3. Process according to claims 1 or 2, characterized in that non-ionogenic, cationic or anionic surfactants are applied as surface-active substances.

4. Process according to claim 3, characterized in that the surfactants are applied in an amount of 1 to 15% by weight, especially 2 to 10% by weight, based on the amount of organosilicon compounds, in the. emulsion.

5. Process according to one or more of the preceding claims, characterized in that the concentration of the oleo-silicon compound in the suspension is from 0.3 to 15% by weight, based on the charge (atro).

6. Process according to claim 1, characterized in that the rubber powder is precipitated in the presence of an acid, preferably a Lewis acid, especially Al2 (S04) 3.

7. Process according to claim 3, characterized in that a surfactant of the class of polyethylene ethers of fatty alcohols or of polyethylene ethers of alkylphenols is applied.

8. Process according to one or more of the preceding claims, characterized in that in step a) the filter cake washed in a salt-free manner of a precipitated silicic acid is applied as a filler.

9. Process according to one or more of the preceding claims, characterized in that during the final elaboration natural fillers are used, especially clays, available solids are used.

10. Process according to claim 1, characterized in that in the first part according to step b) an amount equal to or greater than 50% of the total amount of charge intended to be introduced into the rubber powder is applied.
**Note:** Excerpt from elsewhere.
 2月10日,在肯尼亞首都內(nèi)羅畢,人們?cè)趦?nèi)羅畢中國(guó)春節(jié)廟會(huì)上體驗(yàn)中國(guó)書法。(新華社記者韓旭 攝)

11. Process according to claim 1, characterized in that in the first part according to b), for an amount equal to or greater than 80% of phr charge (per one hundred parts of rubber), 90 to 99% of the amount is applied Total load expected to be introduced into the rubber powder.

12. Process according to one or more of the preceding claims, characterized in that an amount of soot usable in rubber technology is applied to the emulsion (suspension according to step a) or of the mixture according to step b), the desired amount.
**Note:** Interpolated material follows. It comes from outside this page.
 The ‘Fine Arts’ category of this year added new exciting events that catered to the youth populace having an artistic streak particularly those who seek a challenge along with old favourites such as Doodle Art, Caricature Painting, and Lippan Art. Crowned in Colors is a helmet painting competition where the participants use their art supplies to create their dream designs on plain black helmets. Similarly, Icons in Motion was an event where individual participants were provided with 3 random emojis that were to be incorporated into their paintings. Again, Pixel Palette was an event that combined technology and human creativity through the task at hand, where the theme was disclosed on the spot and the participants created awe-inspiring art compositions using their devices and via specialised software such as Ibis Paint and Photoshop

13. Process according to claim 1, characterized in that it is to the emulsion, either to the suspension, either to the solution, according to claim 1, point a), or to the mixture generated according to points b) c), processing aids, anti-aging agents, activators, and / or chemical cross-linking agents and sulfur, customary in the rubber industry, are added in the usual amounts.

14. Rubbers in the form of fine particles (rubber powder) containing rubber, fillers, and processing aids, anti-aging agents, activators, and / or chemical crosslinking agents and sulfur, customary in industry, in usual amounts.